*WHAT TO DO*
Could you reproduce the entries exactly, omitting every picture?

====== DATA

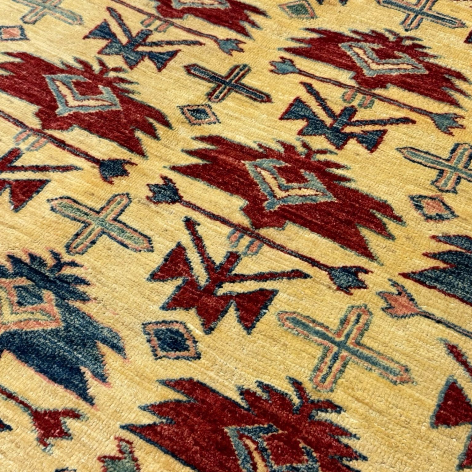 The Afghan Kazak rug is a hand-knotted treasure known for its bold geometric designs and vibrant colors. Made using traditional techniques and high-quality wool, this rug showcases the rich cultural heritage of the Caucasus region, offering durability and a striking aesthetic that enhances any space.
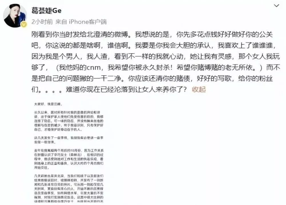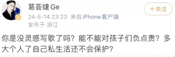 2024年5月,汪峰与新女友森林北的恋情曝光后,葛荟婕发博疑似内涵汪峰,“你是没灵感写歌了吗?能不能对孩子们负点责?”
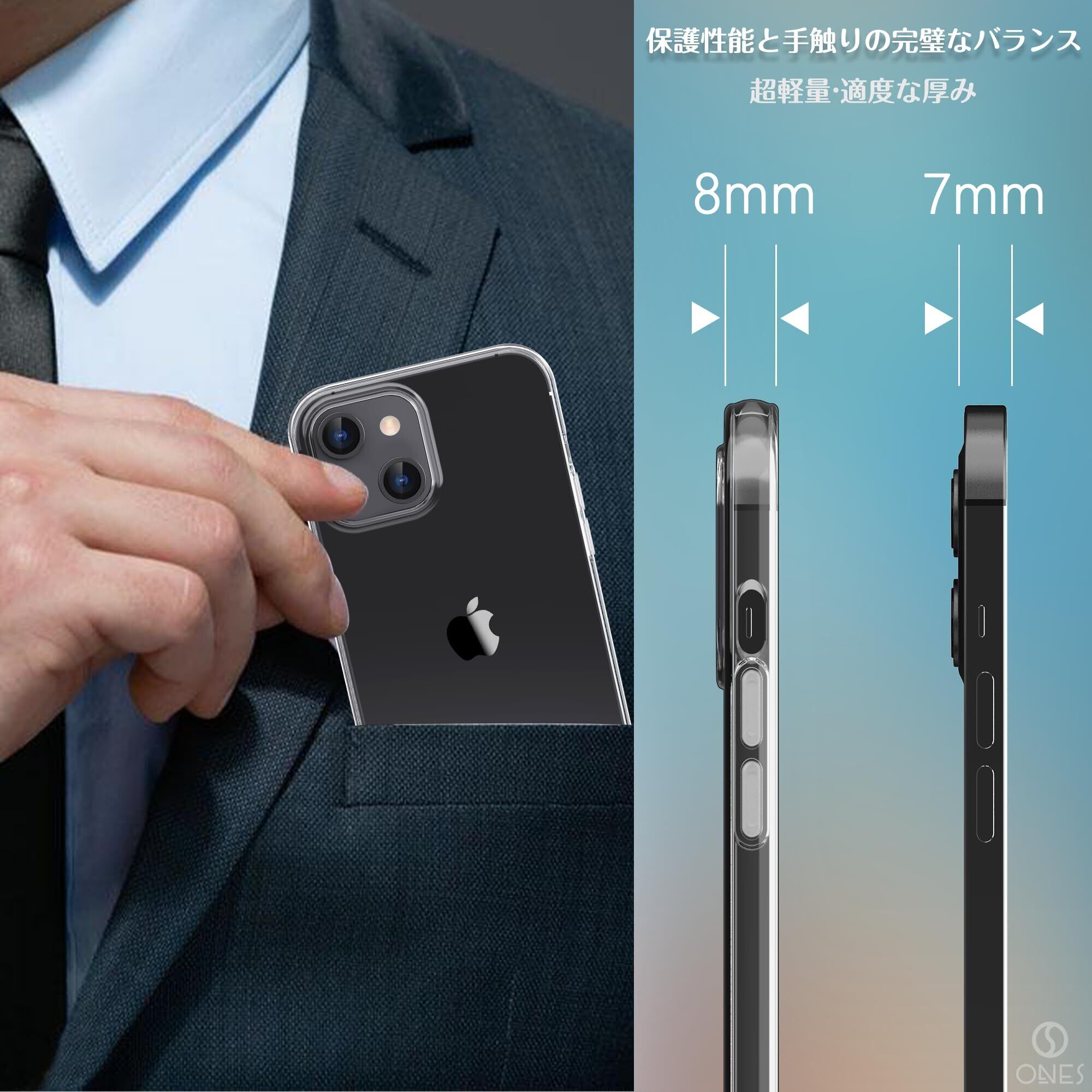 ONES iPhone15Plus用ケース HD全透明 米軍MIL規格 超耐衝撃 『 画面 · レンズ保護、滑り止め 』〔 薄型、超軽量、持ちやすい 〕 Qi充電 衝撃吸収 HQ·TPU フィット感 クリア カバー
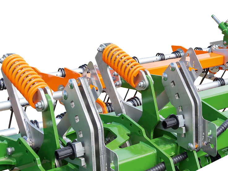 Je Seitenrahmen sind je 2 Werkzeugsegmente mit einer Breite von je 3 m verbaut, welche einzeln in der Höhe verstellbar sind. Die Arbeitstiefe jedes Segments lässt sich separat einstellen. Dazu werden die mit Druckfedern vorgespannten Werkzeuge über Excenterbolzen verstellt. Das Federsystem passt das Höhenverhältnis und Druckverhältnis zwischen Hauptwerkzeug und Nachläufer an.
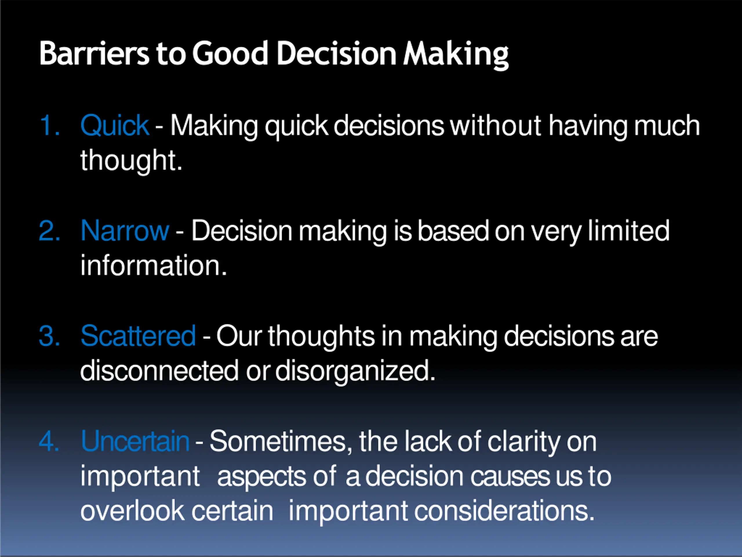 BarrierstoGoodDecisionMaking 1. Quick-Makingquickdecisionswithout havingmuch thought. 2. Narrow-Decisionmakingisbasedonverylimited information. 3. Scattered-Ourthoughtsinmakingdecisionsare disconnected ordisorganized. 4. Uncertain-Sometimes,thelackof clarityon important aspects of a decision causes us to overlook certain importantconsiderations.
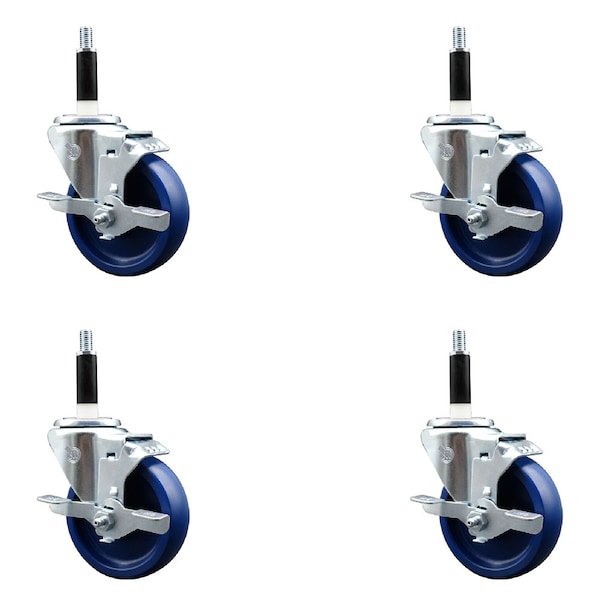 4'' SS Solid Poly Swivel 7/8'' Expanding Stem Caster Set with Brake, 4PK
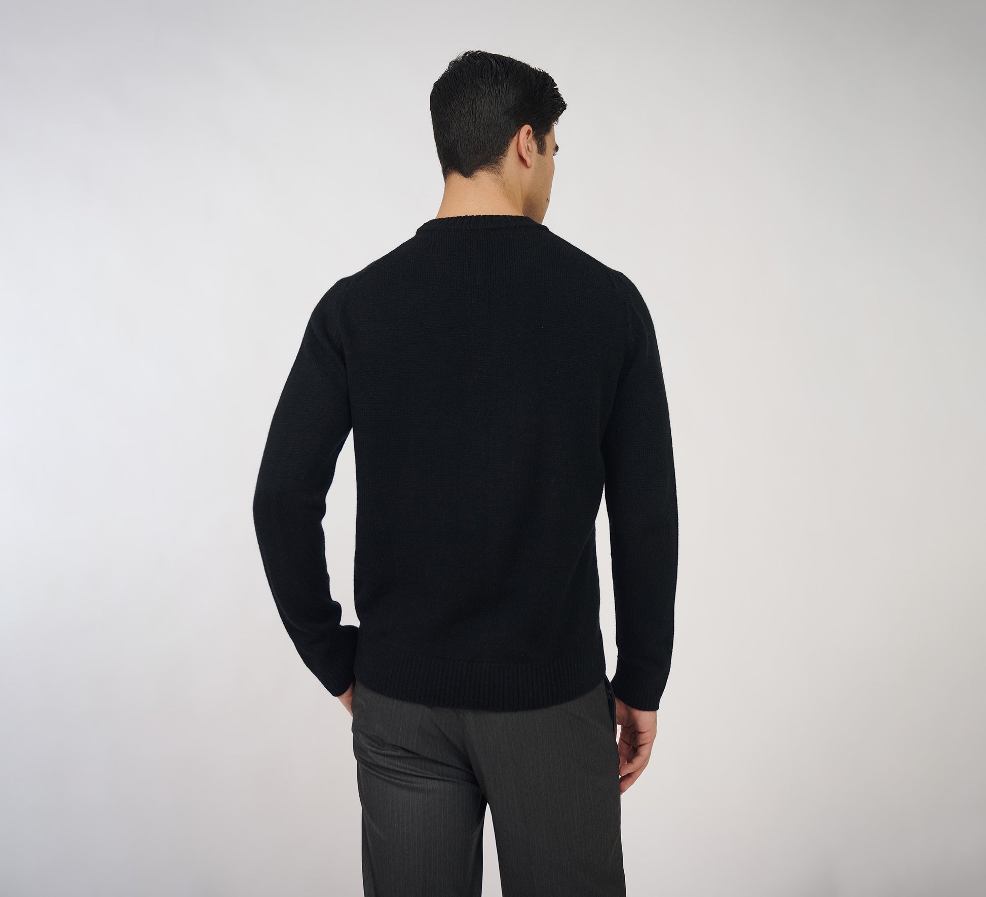 Classic black round-neck sweater crafted for effortless layering. Regular fit with soft touch. Perfect for a capsule wardrobe piece.
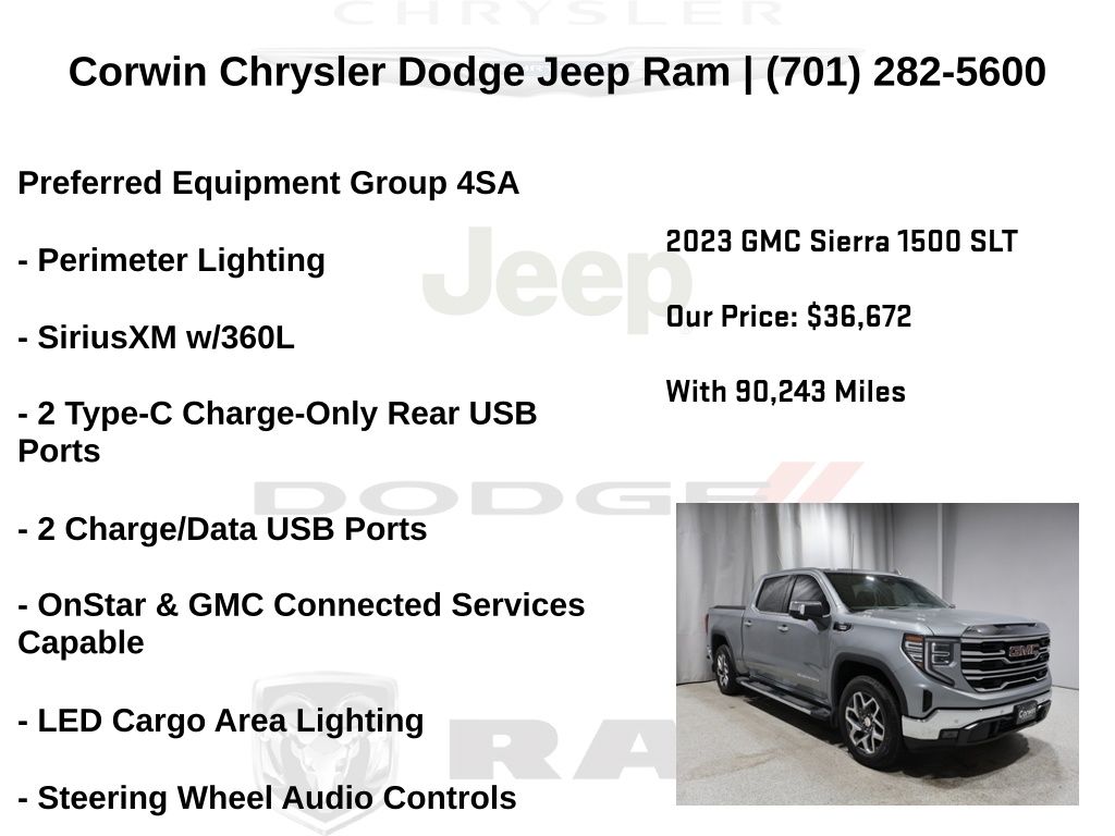 DECEMBER IS HERE AT CORWIN CHRYSLER DODGE JEEP RAM OF FARGO!! WE HAVE STOCKINGS FULL OF SAVINGS ON ALL OF OUR PRE-OWNED VEHICLES AVAILABLE!! WE HAVE ONE OF THE LARGEST SELECTION OF INVENTORIES IN OUR AREA AT ONE SINGLE LOCATION!! Priced below KBB Fair Purchase Price! Sterling Metallic 2023 GMC Sierra 1500 SLT 4D Crew Cab 4WD 3.0L I6 CARFAX One-Owner. Clean CARFAX.
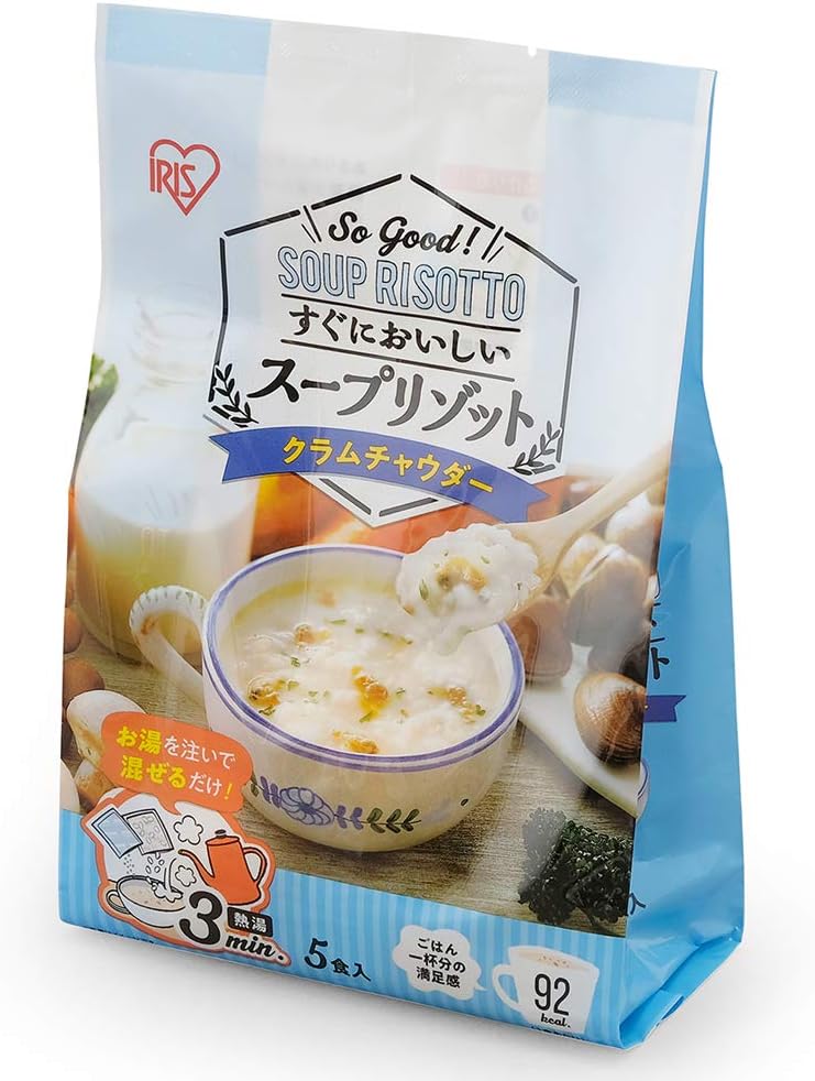 タイムセール特価!1食あたり59円。お湯を注ぐだけで簡単に食べられるスープタイプのリゾット。あさりのエキスや野菜の旨みがギュッとつまったクラムチャウダー。Amazonプライム会員又は2,000円以上の注文で送料無料。それ以外は送料400円です。
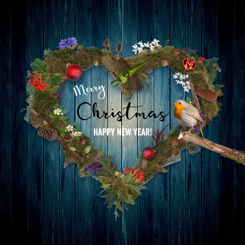 Kerstkaart sfeervolle feestdagen hart van bloemen en mos
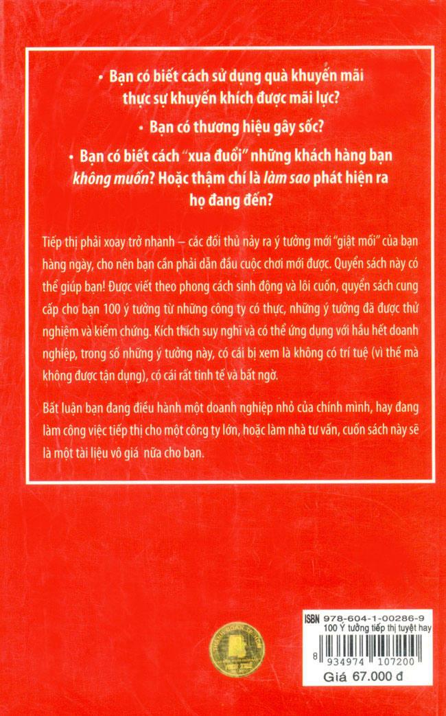 Tiếp thị là biết sáng tạo, sáng tạo để biến bản thân thành người thắng cuộc “fair-play”: thỏa mãn khách hàng để thu được lợi nhuận (chứ không phải lừa bịp họ cốt để bán được thứ mình có); đấu thủ cạnh tranh sòng phẳng (chứ không giở thủ đoạn giành giật khách hàng một cách thô bạo để rồi rốt cuộc cũng không giữ được họ). Và mã thượng hơn cả là trở thành những đối tác liên thủ năng lực phục vụ khép kín khách hàng (chứ không phải là “liên minh ma quỉ” độc quyền lủng đoạn!). Ở đây không có ý tưởng nào chỉ cho bạn cách để có một quảng cáo bắt mắt hơn nữa, một chiêu khuyến mãi lôi kéo người ta đổ xô đến với bạn trong ngắn hạn rồi “tháo chạy” qua người có khuyến mãi khác! Chính xác là 100 ý tưởng tiếp thị tuyệt hay chỉ cho bạn thấy được hố sâu rủi ro của những ai không biết chơi đẹp, không biết chơi khôn ngoan tỉnh táo trên thị trường.

============

*SOLUTION TO THIS EXERCISE*
 The Afghan Kazak rug is a hand-knotted treasure known for its bold geometric designs and vibrant colors. Made using traditional techniques and high-quality wool, this rug showcases the rich cultural heritage of the Caucasus region, offering durability and a striking aesthetic that enhances any space.
 2024年5月,汪峰与新女友森林北的恋情曝光后,葛荟婕发博疑似内涵汪峰,“你是没灵感写歌了吗?能不能对孩子们负点责?”
 ONES iPhone15Plus用ケース HD全透明 米軍MIL規格 超耐衝撃 『 画面 · レンズ保護、滑り止め 』〔 薄型、超軽量、持ちやすい 〕 Qi充電 衝撃吸収 HQ·TPU フィット感 クリア カバー
 Je Seitenrahmen sind je 2 Werkzeugsegmente mit einer Breite von je 3 m verbaut, welche einzeln in der Höhe verstellbar sind. Die Arbeitstiefe jedes Segments lässt sich separat einstellen. Dazu werden die mit Druckfedern vorgespannten Werkzeuge über Excenterbolzen verstellt. Das Federsystem passt das Höhenverhältnis und Druckverhältnis zwischen Hauptwerkzeug und Nachläufer an.
 BarrierstoGoodDecisionMaking 1. Quick-Makingquickdecisionswithout havingmuch thought. 2. Narrow-Decisionmakingisbasedonverylimited information. 3. Scattered-Ourthoughtsinmakingdecisionsare disconnected ordisorganized. 4. Uncertain-Sometimes,thelackof clarityon important aspects of a decision causes us to overlook certain importantconsiderations.
 4'' SS Solid Poly Swivel 7/8'' Expanding Stem Caster Set with Brake, 4PK
 Classic black round-neck sweater crafted for effortless layering. Regular fit with soft touch. Perfect for a capsule wardrobe piece.
 DECEMBER IS HERE AT CORWIN CHRYSLER DODGE JEEP RAM OF FARGO!! WE HAVE STOCKINGS FULL OF SAVINGS ON ALL OF OUR PRE-OWNED VEHICLES AVAILABLE!! WE HAVE ONE OF THE LARGEST SELECTION OF INVENTORIES IN OUR AREA AT ONE SINGLE LOCATION!! Priced below KBB Fair Purchase Price! Sterling Metallic 2023 GMC Sierra 1500 SLT 4D Crew Cab 4WD 3.0L I6 CARFAX One-Owner. Clean CARFAX.
 タイムセール特価!1食あたり59円。お湯を注ぐだけで簡単に食べられるスープタイプのリゾット。あさりのエキスや野菜の旨みがギュッとつまったクラムチャウダー。Amazonプライム会員又は2,000円以上の注文で送料無料。それ以外は送料400円です。
 Kerstkaart sfeervolle feestdagen hart van bloemen en mos
 Tiếp thị là biết sáng tạo, sáng tạo để biến bản thân thành người thắng cuộc “fair-play”: thỏa mãn khách hàng để thu được lợi nhuận (chứ không phải lừa bịp họ cốt để bán được thứ mình có); đấu thủ cạnh tranh sòng phẳng (chứ không giở thủ đoạn giành giật khách hàng một cách thô bạo để rồi rốt cuộc cũng không giữ được họ). Và mã thượng hơn cả là trở thành những đối tác liên thủ năng lực phục vụ khép kín khách hàng (chứ không phải là “liên minh ma quỉ” độc quyền lủng đoạn!). Ở đây không có ý tưởng nào chỉ cho bạn cách để có một quảng cáo bắt mắt hơn nữa, một chiêu khuyến mãi lôi kéo người ta đổ xô đến với bạn trong ngắn hạn rồi “tháo chạy” qua người có khuyến mãi khác! Chính xác là 100 ý tưởng tiếp thị tuyệt hay chỉ cho bạn thấy được hố sâu rủi ro của những ai không biết chơi đẹp, không biết chơi khôn ngoan tỉnh táo trên thị trường.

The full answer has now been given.